Cumulative plots provided statistics corresponding to all issues registered up to the time point on the x-axis. Some illustrative plots are provided in Figure 2 and Figure 3. They could also be useful in various predictions (Section 2). In most projects, the distribution (as a percent) of issues by type, priority, and resolution type was relatively stable in time. However, in Mozilla, issues with priority P5 were low (slightly exceeding P4) for most of the time but significantly increased in the last 4 years (even exceeding P1). In Cassandra, low priority issues dominated in the first 7 years and dropped down in comparison with the dominant normal priority of the last 6 years. This could be correlated with growing experience, better adaptation of developers to the project, etc. However, high staff fluctuation might show more inconsistent behavior (see Section 4.2).
Illustrative plots for the Ignite project are given in Figure 2 and Figure 3, where the x-axis shows subsequent report dates (year-month-day), and the y-axis specifies the number of visualized issues. Figure 2 shows the number of registered issues in four categories (task, bug, improvement, and new feature). Bugs and tasks dominated here. Figure 2 presents statistics in time related to the number of closed issues considering final decisions: qualified as duplicated, resolved according to 5 methods (see Section 4.1), specified as not requiring fixing (Won’t fix—7 subcategories), postponed for later resolution, and others (dominate resolved).

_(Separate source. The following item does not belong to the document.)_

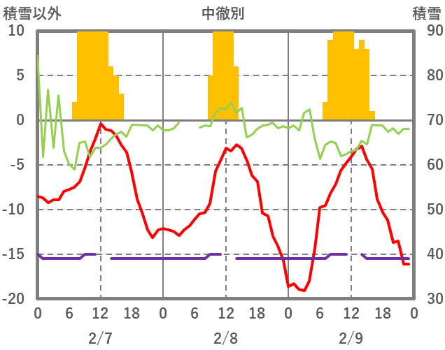 | 日 | 時 | 気温 | 降水 | 風向/風速 | 日照 | 積雪 | 降雪 |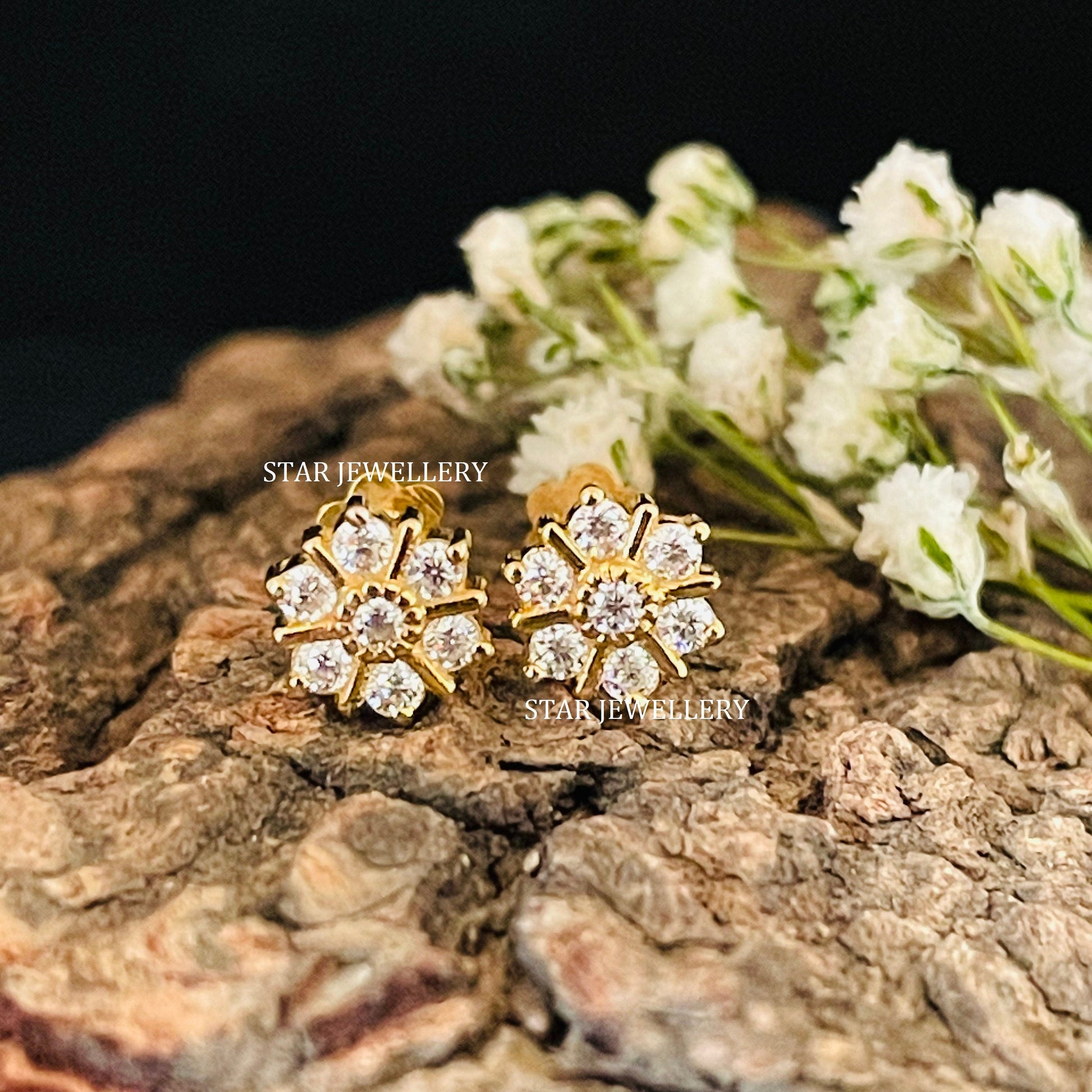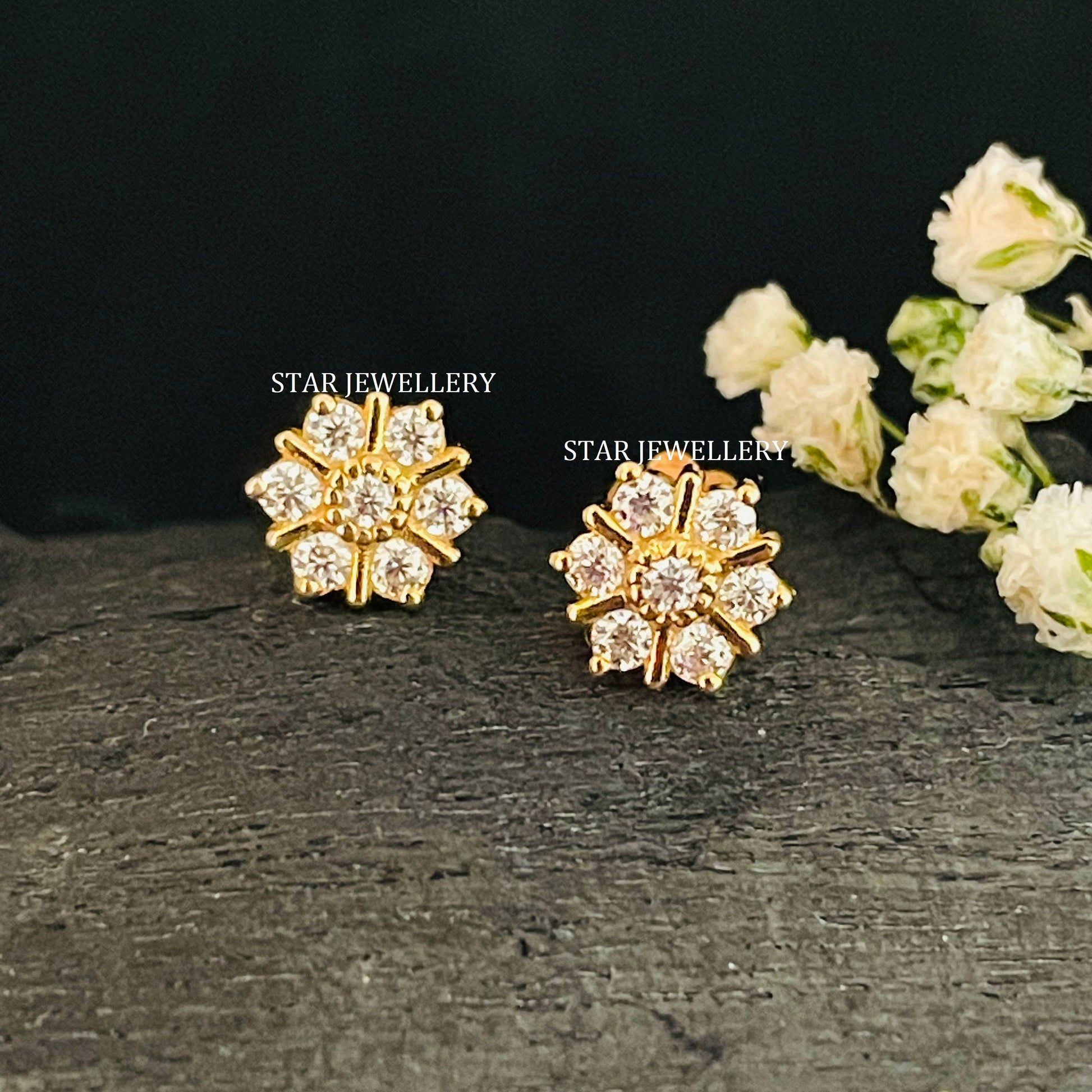 Natural Diamond Flower Stud for Nose Tragus Lobe Conch

The efficiency of handling issues could be assessed via the distribution of issue handling time. We could measure this time for each issue by taking the timestamp of the issue registration and the time of its resolution. Issue resolution needs some comment; theoretically, it should relate to the closed state; however, quite often this state was skipped, so in the case of the last resolved_x state not succeeded by the closed one, we took its timestamp as also the final handling time. Yet another problem was related to issues for which the handling process did not terminate in the considered repository time space. Hence, when deriving timing distributions, we provided two numbers in Table 11: those related only to terminated issues (suffix—a) and considering the remaining issues as terminated at the last timestamp of the considered repository (suffix—b). Time plots showing the number of all registered events at a specified moment (starting from the beginning of the repository period) and the number of the closed ones provided another view on issue handling in the project. Derivative plots could show the ratio (as a percent) of closed issues or the number of unresolved issues. To illustrate that, in Table 12 and Table 13, we provided relevant statistics for four projects. Issue handling processes involved several phases, specified in the repository by processing states (with entry and exit times). By extracting timestamps relevant to these states, we could trace issue handling paths and relevant timing features. They were useful in reliability assessment and in the identification of development anomalies. We presented an original analysis of this problem in [15].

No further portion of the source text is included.